Friday, October 22nd, 2010 by Douglas Elmendorf

Social Security is the federal government’s largest single program; outlays in fiscal year 2010 totaled $706 billion, roughly one-fifth of the federal budget. About 54 million people currently receive Social Security benefits. Most are retired workers, their spouses, their children or their survivors, who receive payments through Old-Age and Survivors Insurance (OASI). The remainder are disabled workers or their spouses and children, who receive Disability Insurance (DI) benefits.

Tax revenues credited to the program totaled about $670 billion in fiscal year 2010, almost all from payroll taxes. A very small portion—about 3 percent—comes from income taxes on benefits. Revenues from taxes, along with intragovernmental interest payments, are credited to Social Security’s two trust funds—one for OASI and one for DI—and the program’s benefits and administrative costs are paid from those funds.

Today CBO released additional information about the long-term projections of the Social Security program’s finances that were included in The Long-Term Budget Outlook (June 2010, revised August 2010) and in Social Security Policy Options (July 2010). The methodology used to develop those projections is described in CBO’s Long-Term Model: An Overview, a background paper published in June 2009.

Today’s publication updates the projections included in CBO’s Long-Term Projections for Social Security: 2009 Update. As we reported in June 2010, the long-term gap between Social Security’s spending and revenues that CBO is currently projecting is larger than the shortfall projected in our August 2009 publication.

The first group of exhibits—exhibits 1 through 8—examines Social Security’s financial status from several vantage points. The second group—exhibits 9 through 16—examines the program’s effects on various categories of Social Security participants in terms of the average taxes and benefits for those groups.

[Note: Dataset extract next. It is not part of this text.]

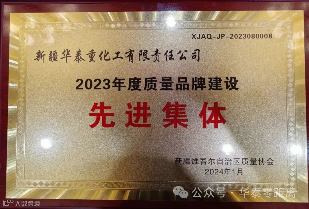 1月12日,新疆华泰重化工有限责任公司(以下简称“华泰公司”)接到喜报,在新疆质量协会组织召开的2023年第八届十次理事会暨质量提升工作总结会议中,华泰公司荣获“2023年度质量品牌建设先进集体”荣誉,迄今为止,华泰公司已连续4年获此殊荣。

As detailed in the first eight exhibits, CBO projects that:

  • Over the next few years, the program’s tax revenues (that is, the trust funds’ receipts excluding interest) will be approximately equal to its outlays. However, starting in 2016, as more of the baby-boom generation enters retirement, outlays as scheduled under current law will regularly exceed tax revenues. As a result, under current law, both trust funds will gradually be depleted.
  • The DI trust fund will be exhausted in 2018 and the OASI trust fund will be exhausted in 2042. It is a common analytical convention to consider the DI and OASI trust funds in combination. CBO projects that, if legislation to shift resources from the OASI trust fund to the DI trust fund was enacted, as has been done in the past, the combined trust funds would be exhausted in 2039. However, because of the uncertainty surrounding the various factors that affect the program’s revenues and outlays, that date could vary quite a bit.
  • The resources dedicated to financing the program over the next 75 years fall short of the benefits that will be owed to beneficiaries by about 1.6 percent of taxable payroll. In other words, to bring the program into balance over the next 75 years, payroll taxes would have to be increased immediately from 12.4 percent to 14.0 percent and kept at that higher rate, or the benefits specified in law would have to be reduced by an equivalent amount, or some combination of those changes and others would have to be implemented.

As shown in subsequent charts beginning with exhibit 9, the amount of Social Security taxes paid by various groups of people differs, as do the benefits that different groups receive. For example:

  • People with higher earnings pay more in Social Security payroll taxes than do lower-earning participants, and they also receive larger benefits. Because of the progressive nature of Social Security’s benefit formula, replacement rates—the amount of annual benefits as a percentage of annual lifetime earnings—are lower, on average, for workers who have had higher earnings.
  • The amount of taxes paid and benefits received will be greater for people in later birth cohorts because they typically will have higher earnings over a lifetime, even after adjusting for inflation, CBO projects. However, replacement rates will be slightly lower, on average, for later birth groups because their full retirement age (the age at which they can receive unreduced retirement benefits) will be higher.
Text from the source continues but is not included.